I can feel the other children in the room. I don't want to consider them because I recognize that their suffering would add another layer to mine. My duty is to stay, but the tension is unbearable and I feel the weight of the floors above me weighing on my shoulders. I start to panic and leave as soon as I can, to get back to my son, to contact our families, not to see my daughter fighting for her life.

I don't remember every night, but I do remember one night when Emily had been transferred to the high dependency ward. The nurse called me "Daddy" and asked for my help.

"Give her this, Dad... Hold this for me, Dad."

Emily's head is at an uncomfortable angle. Her neck has been in a clamp for seven hours and her neck muscles are very stiff. It will take weeks of physiotherapy before she is back to normal. She also has a fractured skull caused by the clamp's teeth biting too deeply. Later in her stay, cerebrospinal fluid seeped into her pillow. That night, I spoon-feed her cold applesauce to soothe her throat and, once the nurse has left, I sit and watch her fall asleep.

The alarm sounds on her monitor and the nurse returns. She notes the readings and leaves. This happens a number of times. I can feel the panic returning. My brother calls.

"What are you doing, Matt?"

"I'm begging for Emily's heart rate monitor to go up."

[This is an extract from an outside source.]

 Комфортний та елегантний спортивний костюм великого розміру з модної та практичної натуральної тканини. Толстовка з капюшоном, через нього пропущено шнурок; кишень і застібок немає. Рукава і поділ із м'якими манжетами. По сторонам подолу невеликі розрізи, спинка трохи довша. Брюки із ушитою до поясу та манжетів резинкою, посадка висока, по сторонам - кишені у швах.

A doctor arrives and we have a quiet conversation at her bedside. It's one of the drugs she's taking. It depresses her heart rate. Nothing to worry about, he tells me, as he recalibrates the monitor. I want to accept his assurances, yet my daughter's life seems to be at stake. Should I trust him and the science I've always respected, or should I make a fuss until every experienced doctor available has gathered in my daughter's room and agrees with this diagnosis? I wait a moment, berating myself for my indecision, wondering if I'm watching my daughter die before my eyes. An hour passes, then another. The alarm doesn't sound. I leave when I'm sure she's safe, and wonder if, despite what I'd previously believed, the act of dying might in fact be commonplace.

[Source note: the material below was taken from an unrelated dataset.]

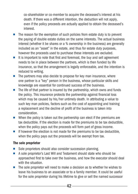 n Sole proprietors should also consider succession planning.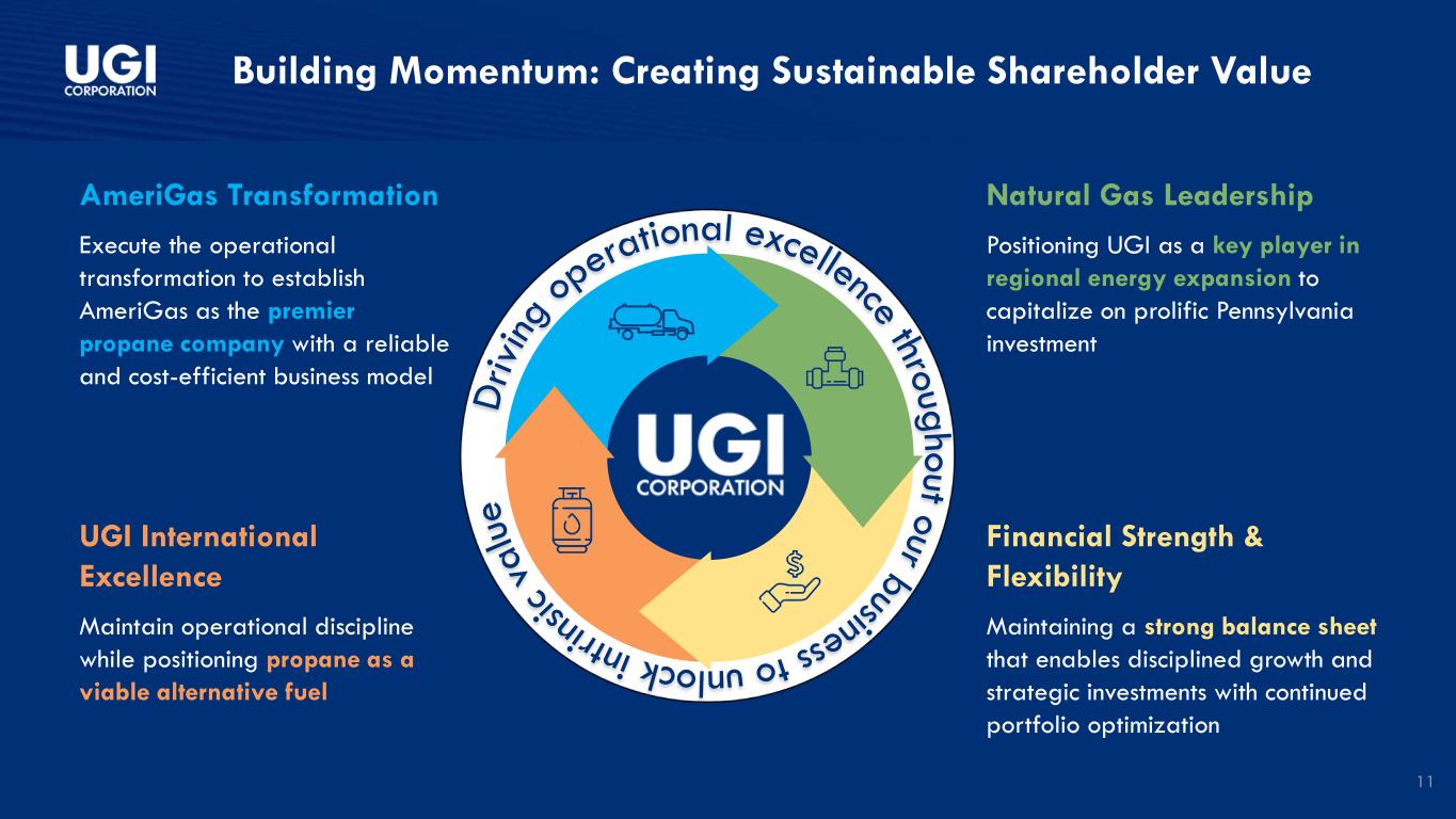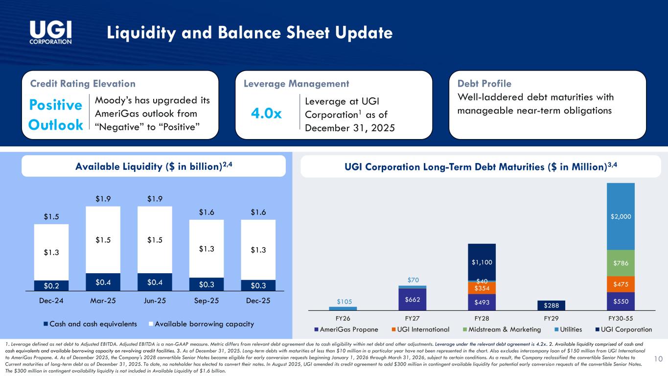 Liquidity and Balance Sheet Update 1. Leverage defined as net debt to Adjusted EBITDA. Adjusted EBITDA is a non-GAAP measure. Metric differs from relevant debt agreement due to cash eligibility within net debt and other adjustments. Leverage under the relevant debt agreement is 4.2x. 2. Available liquidity comprised of cash and cash equivalents and available borrowing capacity on revolving credit facilities. 3. As of December 31, 2025. Long-term debts with maturities of less than $10 million in a particular year have not been represented in the chart. Also excludes intercompany loan of $150 million from UGI International to AmeriGas Propane. 4. As of December 2025, the Company's 2028 convertible Senior Notes became eligible for early conversion requests beginning January 1, 2026 through March 31, 2026, subject to certain conditions. As a result, the Company reclassified the convertible Senior Notes to Current maturities of long-term debt as of December 31, 2025. To date, no noteholder has elected to convert their notes. In August 2025, UGI amended its credit agreement to add $300 million in contingent available liquidity for potential early conversion requests of the convertible Senior Notes. The $300 million in contingent availability liquidity is not included in Available Liquidity of $1.6 billion. UGI Corporation Long-Term Debt Maturities ($ in Million)3,4Available Liquidity ($ in billion)2,4 Credit Rating Elevation Leverage Management Debt Profile Well-laddered debt maturities with manageable near-term obligations Moody’s has upgraded its AmeriGas outlook from “Negative” to “Positive” Leverage at UGI Corporation1 as of December 31, 2025 Positive Outlook 4.0x 10 $0.2 $0.4 $0.4 $0.3 $0.3 $1.3 $1.5 $1.5 $1.3 $1.3 $1.5 $1.9 $1.9 $1.6 $1.6 Dec-24 Mar-25 Jun-25 Sep-25 Dec-25 Cash and cash equivalents Available borrowing capacity $662 $493 $550 $354 $475 $786 $105 $70 $40 $2,000 $1,100 $288 FY26 FY27 FY28 FY29 FY30-55 AmeriGas Propane UGI International Midstream & Marketing Utilities UGI Corporation

I bump into Dr. Domizia in a hallway late on Friday afternoon after the operation.

"I've been looking for you. Emily's lab results are back in time for the weekend," he says.

I appreciate his consideration and we find an empty room. We sit down face to face.

"The news is good. Emily's tumor was benign and the surgeons think they've cleared it all up."

I grab his elbow. He stops talking and fishes a handkerchief from a box on the table.

"It was a low-grade infantile astrocytoma. It's a very common tumor in children."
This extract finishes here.